While belly buttons may unite us, once back in the job of ‘living’ each of us develops a set of ‘rules’ to live by. Whether we consciously are aware of these rules or not doesn’t mean they don’t exist.
Most would agree that a rule like: ‘stopping at red lights’ keeps us safe. If we follow the rule, we have a good chance of reaching our destination. Adopting rules often happens subliminally by watching and listening to others, seeing what works or doesn’t and modifying the process to suit one’s own needs.

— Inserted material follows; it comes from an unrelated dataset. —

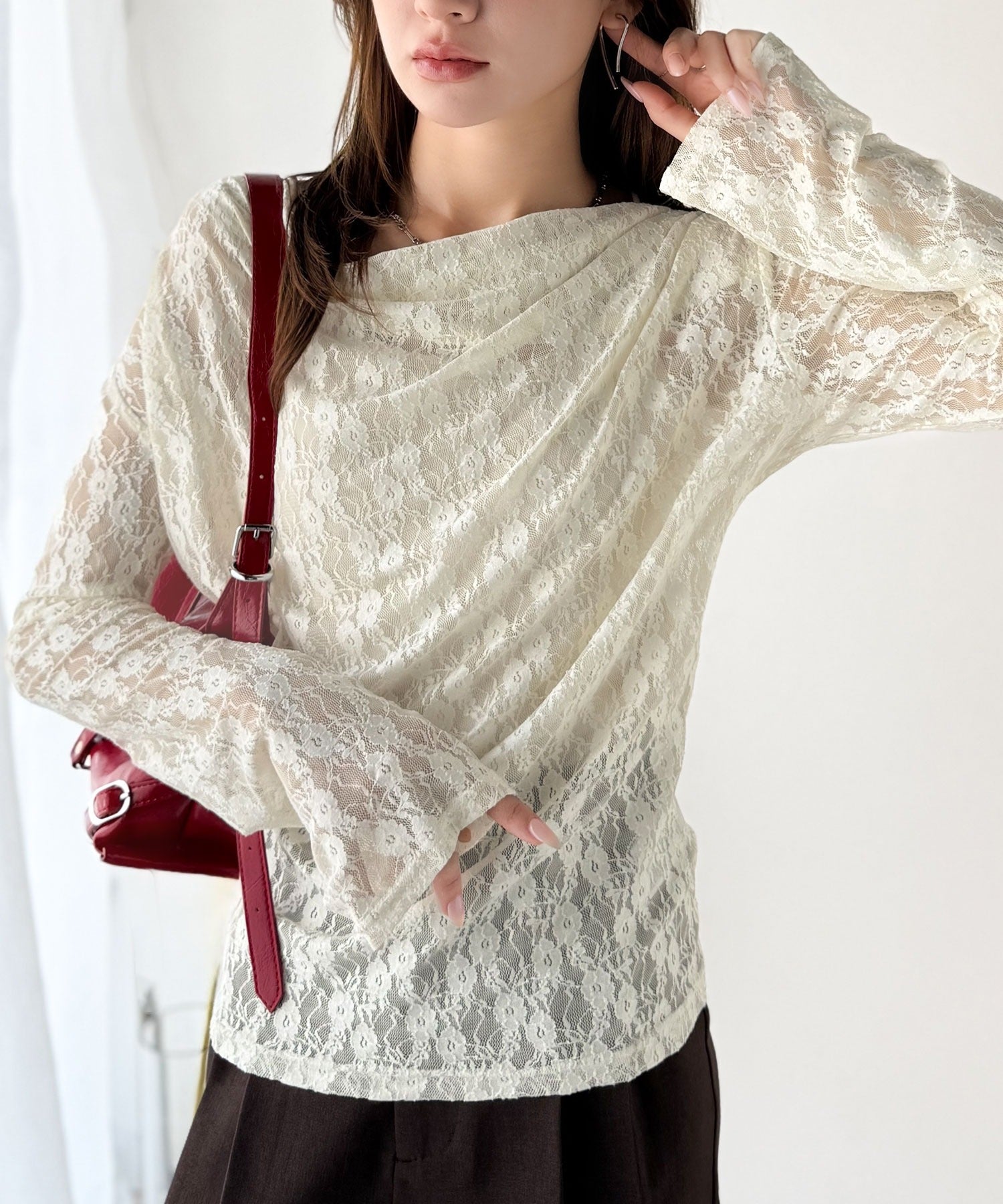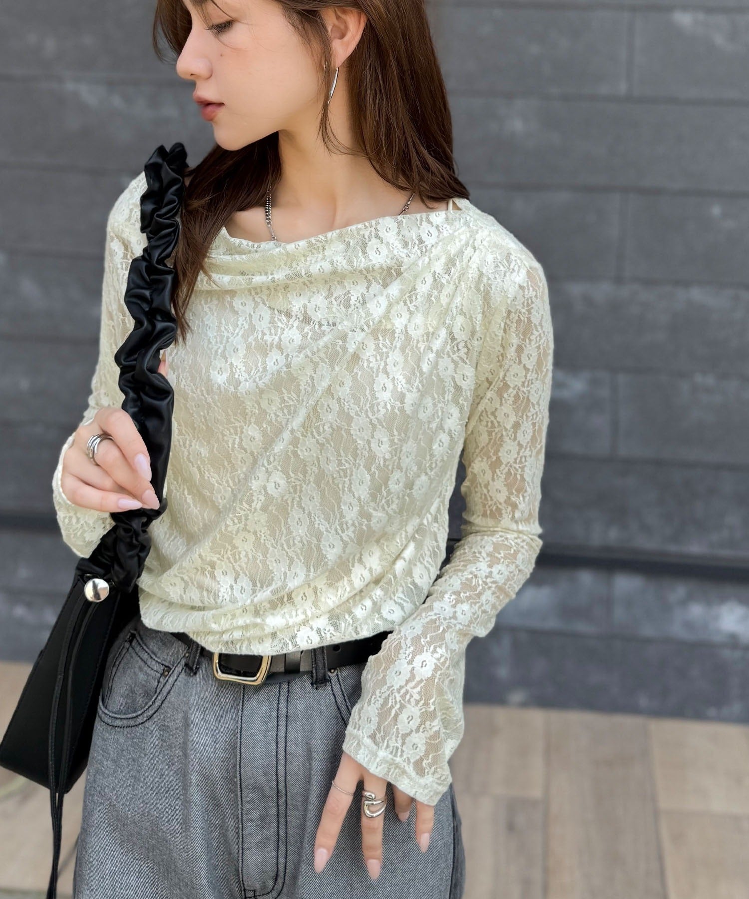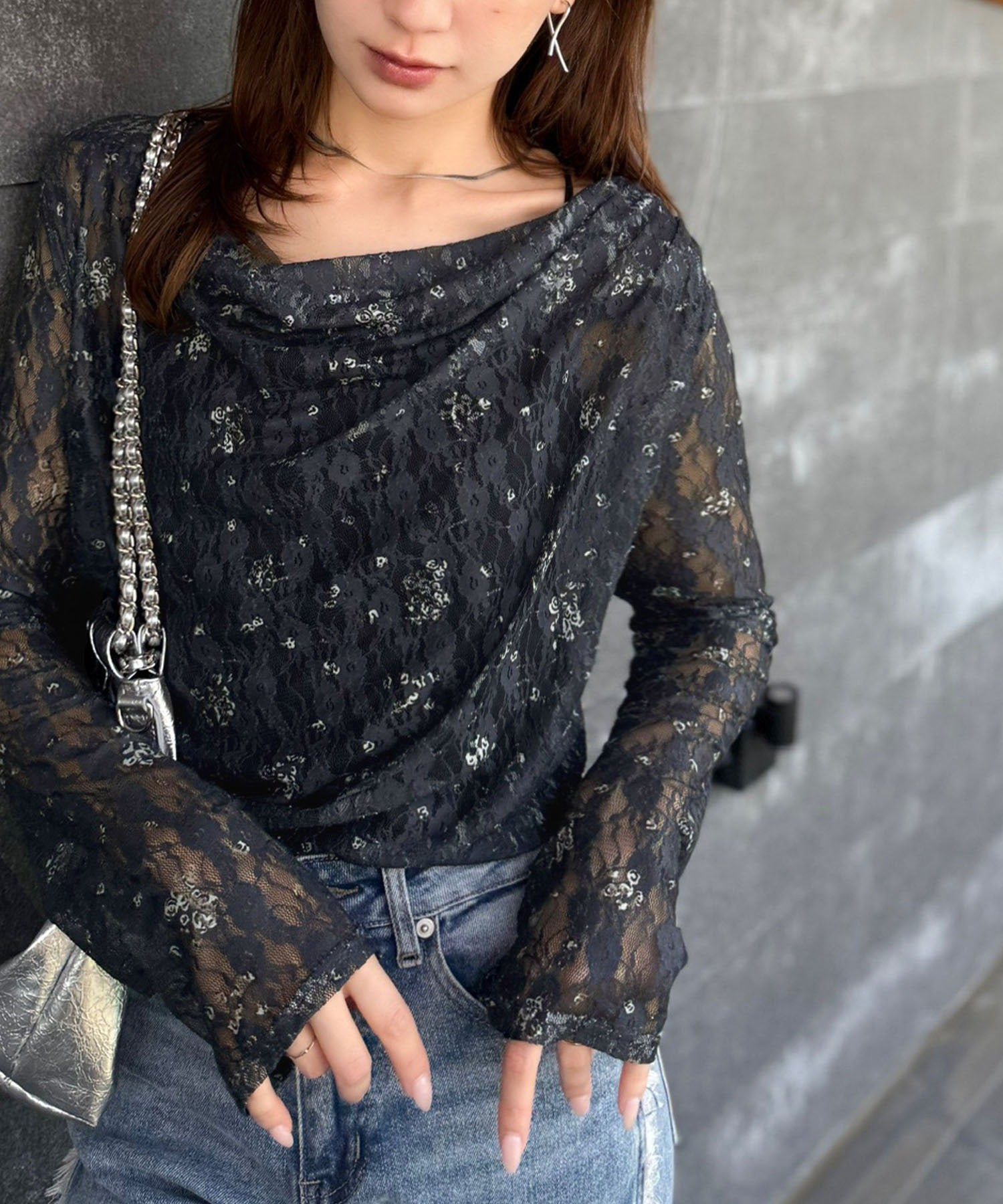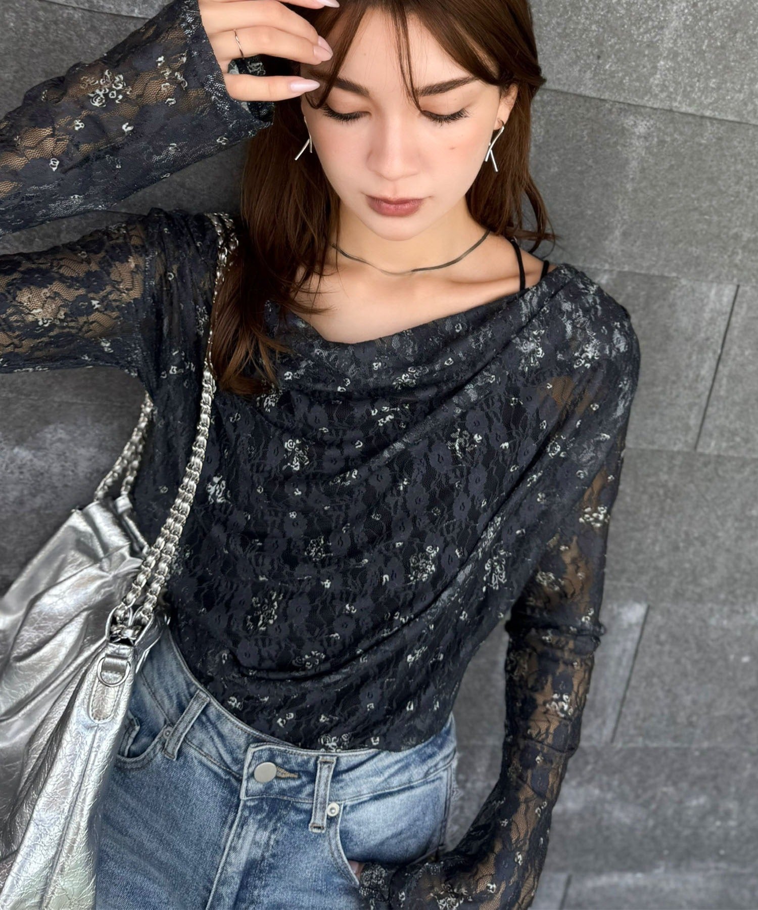 総柄レースがフェミニンな雰囲気を醸し出し、ドレープデザインで甘すぎない大人っぽさに◎

One ‘rule’ I adopted from younger years was: ‘Happy and successful relationships don’t have arguments’. Not very realistic. With hindsight, I think it came from my mother who always hushed raised or angry voices at home with: ‘Shhh, the neighbours will hear — what will they think?’.
While I never recall her actually saying: ‘Happy relationships (aka happy families) don’t have arguments’ — that was the internal message I created from those childhood experiences.
Was it helpful? NOOOOOO!!! Did my belief system around relationships and raised voices need updating? YESSSSS!!!
Arguments and disagreements are problematic if they don’t respect another person. They’re a problem if one person feels intimidated to express an opinion and yelling is the result of pent-up steam being let off. It’s about holding one’s position as part of boundary setting and self-respect.
People in strong relationships look to gain greater awareness around how to communicate in ways that open opportunities for greater intimacy. How to express their own needs in positive ways and how to keep a balanced credit card so that needs are met within a supportive environment.
If you're interested in hearing more about how to build a more mindfully aware relationship, then you're invited to join an upcoming online seminar. Free registration.
A thought …
We learn relational patterns (and how to be in a relationship) through observing those around — usually parents and grandparents. Because of this, our lives can follow generational patterns.
If relationship-building skills are not updated so that you have a well-balanced accounting sheet that can survive a few rough patches, what will your children carry into their relationships that will affect not only their generation but also the ones following?